Tuesday, August 1, 2023

As the heat cranks up, so do the sounds of summer. Whether you’re cheering at the ballpark, attending a music festival, or simply taking care of your lawn, the decibel level of the great outdoors can have  short-term and long-term effects on your hearing.

Audiologists Kellsie Busho and Danielle Kelsay from the University of Iowa Department of Communication Sciences and Disorders explain what activities put your hearing at greatest risk and provide suggestions to monitor and protect your hearing health.

Kellsie Busho
Kellsie Busho

Q: What are daily habits people can adopt to protect their hearing?

A: Be aware of the level of sounds in your daily life.
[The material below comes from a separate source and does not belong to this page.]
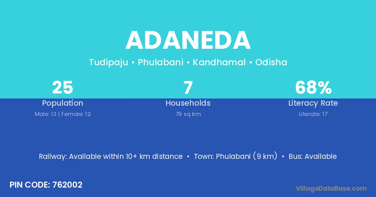Phulabani (9 km) is the nearest town to Adaneda village for major economic activities and is located approximately 9 km away.
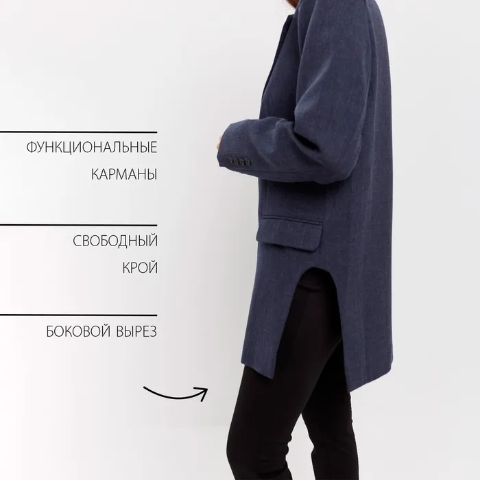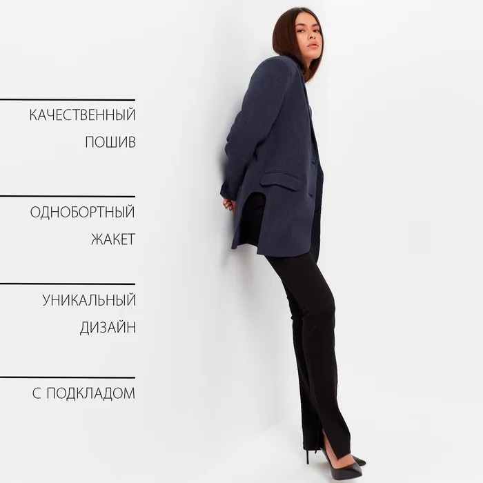 Пиджак женский с боковыми разрезами MIST размер 48-50, цвет синий — Характеристики

Similar to how sunscreen can protect your skin, hearing protection and healthy hearing habits can help long term. Easy things people can do include turning down the volume on electronics, keeping hearing protection in an easily accessible spot, and walking away from loud sources of sound.

Q: When do you consider a sound to be too loud?

A: A general rule of thumb is if you can’t understand someone saying your name at arm’s length, the sound is too loud. Another way to determine if environments are too loud is downloading a sound level meter app on your phone. Many free apps can measure the environment and tell you if sounds are potentially damaging. They are not exact, but they give a general idea.

We measure sounds in decibels (dB). The louder the sound, the more dB. When we start to think about potential damage, the magic number is 85 dB. The louder the sound, the less time you should be exposed to that sound.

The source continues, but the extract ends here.